Southern bands of the Nuche, or Ute people, believe they have lived in Southwest Colorado since time immemorial. Anthropologists variously believe the Utes either emerged from earlier Archaic period cultural groups already present in the area or migrated into the area a few centuries ago. They speak a Uto-Aztecan language and, interestingly, count the Hopis among their linguistic relatives.
Historically they were nomadic hunters and gathereres who adopted Plains Indian culture. They were one of the first Indian groups in teh Southwest to obtain horses from the Spanish and were instrumental in disseminating the horse to other groups.
When the San Juan mining excitement began in earnest in the early 1870s, the government found it necessary to convince teh Utes to cede a portion of their 1868 reservation, which comprised most of the western third of Colorado.
The Utes finally agreed to do this by terms of the 1874 Brunot Agreement.

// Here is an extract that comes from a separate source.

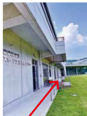
▲矢印の方へ進むと、サンアリーナさんだいへ行くことができます。

バレーボールのコートを最大で6面立てることができ、ジムも設備が充実しており、外ではランニングや坂道ダッシュもできる。最も良いと感じる点は、体育館と宿泊所が近いところ。特にバレーボール女子日本代表チームは、個人練習の時間が長い。ホテルだと全員がそろってから移動しなければならぬが、薩摩川内市の施設は、すぐ近くにあるので、団体行動や移動時間を気にせず、個人で自由に練習できるところが素晴らしい。必要とするものがコンパクトにあるので、とても利用しやすい。
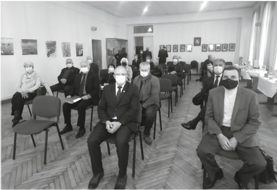
LPKTS valdybos nariai susitiko po daugiau kaip pusmečio

Further modifications to the reservation resulted in the evolution of the Southern Ute and Ute Mountain Ute reservations in Southwest Colorado.
Hispanic people had been residents of the Southwest since New Mexico was colonized in 1598. The opening of the San Juan Cession and other events attracted Hispanic settlers from northern New Mexico into Southwest Colorado. Perhaps the greatest factor was the establishment of the Southern Ute Agency on the Los Pinos River at a location later known as Ignacio. The agency ultimately exerted a strong economic, political, and social influence on the Hispanic population of the area.
Early settlers in the San Juans came from all parts of the United States and many foreign countries. Most of the newcomers were men, although San Juan pioneers included many women and children. Elizabeth Hazelton Phelps, in fact, apparantly gave birth to her son, Frank, at the first Animas City in 1861. Elizabeth and her husband, Orange, were members of the Baker Party, and Frank's birth would have been the first non-Indian birth in what became La Plata County.
Irish-born Robert Dwyer settled the first homestead in what would become Durango; Hans Aspaas' Norwegian family were early Parrott City residents and helped found the town of Ignacio; John Taylor, a former member of a black regiment in the Civil War, claimed to be the "first white settler in the Pine River Vally"; Martha Clarke, a Minnesota immigrant, taught at the
Fort Lewis Indian school, Olga Schaaf Little, whose family came from Germany, became a famous burro packer in the La Plata Mountains; little Una C. Pearson, the first child born in Durango, was showered with gifts, including the lot at 1004 E. Third Avenue where her father built a home for the family.
Their stories are fascinating, their accomplishments legion. Whether they came in the 1870s, the 1920s or even later, all of them played a role in building up the Durango area. Their descendants, in many cases four or five generations removed are making their own histories in the twenty-first century.